As always, we start by loading the relevant packages as well as our data:
movies <- read.csv("/home/rstudio/data/movie_ratings2015.csv")
View(movies)
library(ggplot2)
ggplot(movies, aes(RottenTomatoes, RottenTomatoes_User))+geom_point()
ggplot(movies, aes(RottenTomatoes, RottenTomatoes_User))+geom_point()+geom_smooth()
ggplot(movies, aes(RottenTomatoes, RottenTomatoes_User))+geom_point()+geom_smooth(method="lm")
ggplot(movies, aes(RottenTomatoes, RottenTomatoes_User))+geom_point()+geom_smooth(method="lm", se=FALSE)
Where values are missing you may need to add use=“complete” as shown below:
library(dplyr)
movies %>% summarize(cor(RottenTomatoes, RottenTomatoes_User))
movies %>% summarize(cor(RottenTomatoes, RottenTomatoes_User, use="complete"))
movies %>% summarize(mean(RottenTomatoes), mean(RottenTomatoes_User))
movies %>% summarize(mean(RottenTomatoes,na.rm=TRUE), mean(RottenTomatoes_User,na.rm=TRUE))
movies %>% summarize(RT = mean(RottenTomatoes,na.rm=TRUE), RT_user = mean(RottenTomatoes_User,na.rm=TRUE))
Standardize <- function(x){
(x-mean(x, na.rm=TRUE))/sd(x, na.rm=TRUE)}
movies %>% mutate(zRT = Standardize(RottenTomatoes), zRT_User = Standardize(RottenTomatoes_User)) %>%
ggplot(aes(zRT, zRT_User))+geom_point()
## or ##
movies <- movies %>% mutate(zRT = Standardize(RottenTomatoes), zRT_User = Standardize(RottenTomatoes_User))
ggplot(movies, aes(zRT, zRT_User))+geom_point()
We can get the equation for the best-fit line for predicting the number of votes from the budget as follows:
lm( RottenTomatoes_User~RottenTomatoes, data=movies)

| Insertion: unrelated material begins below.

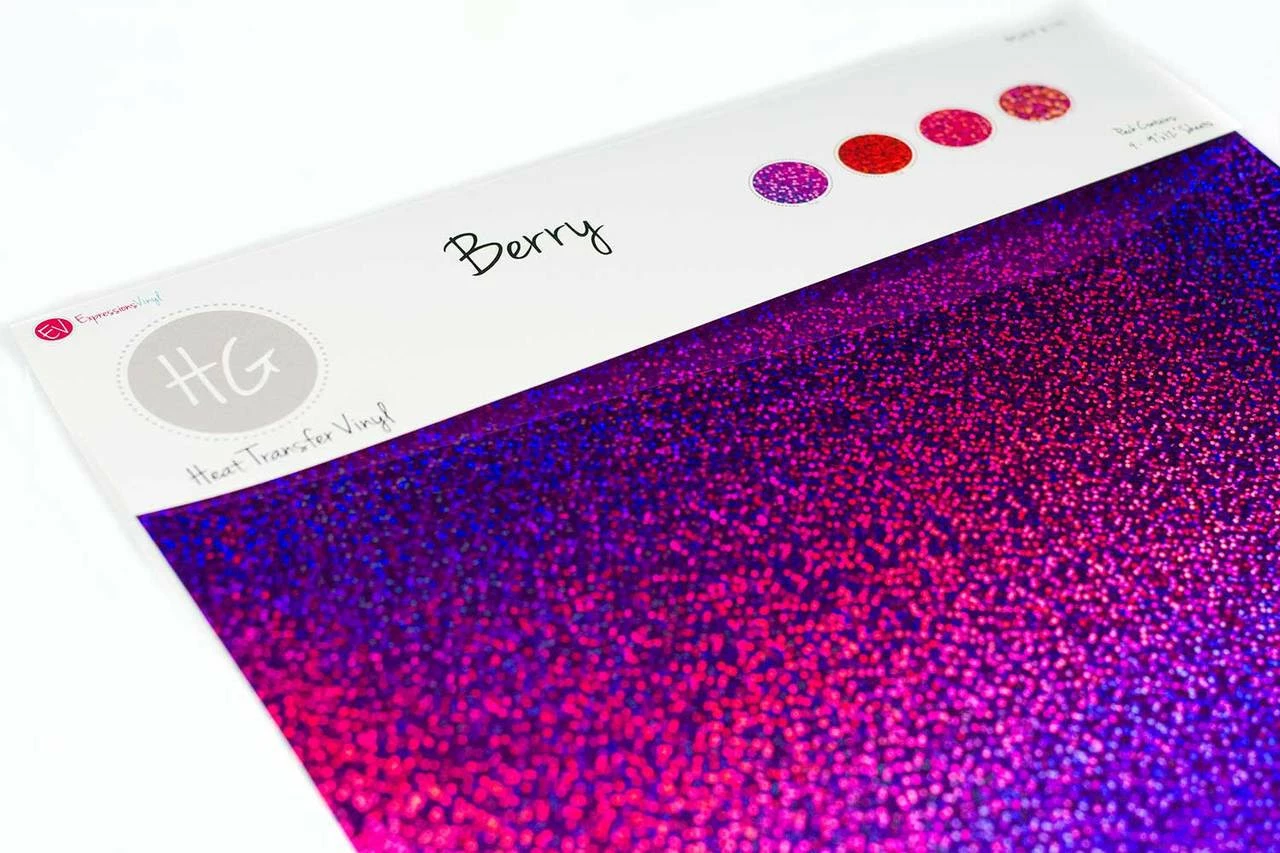 - Berry Pack Includes 9″x12″ Sheets of Siser Holographic HTV: Purple, Red, Fuchsia, and Light Pink

lm( zRT_User~zRT, data=movies)
What does this mean? We can plug in possible Rotten Tomatoes ratings and predict Rotten Tomatoes user ratings.
If a movie had a critic rating of \(0\), our linear prediction is that it will have a user rating of 32. If it has a critic rating of \(80\) we would expect 32 + 80 * 0.525 = 74 votes.
Which mammals have the most REM sleep (dream sleep)? Does it depend on the size of the animal? Does it depend on the size of the animal’s brain?
Try to answer this question by making scatterplots, finding correlations, finding best fit lines and interpreting the lines.
You can find out more about this data here.
data(msleep)
View(msleep)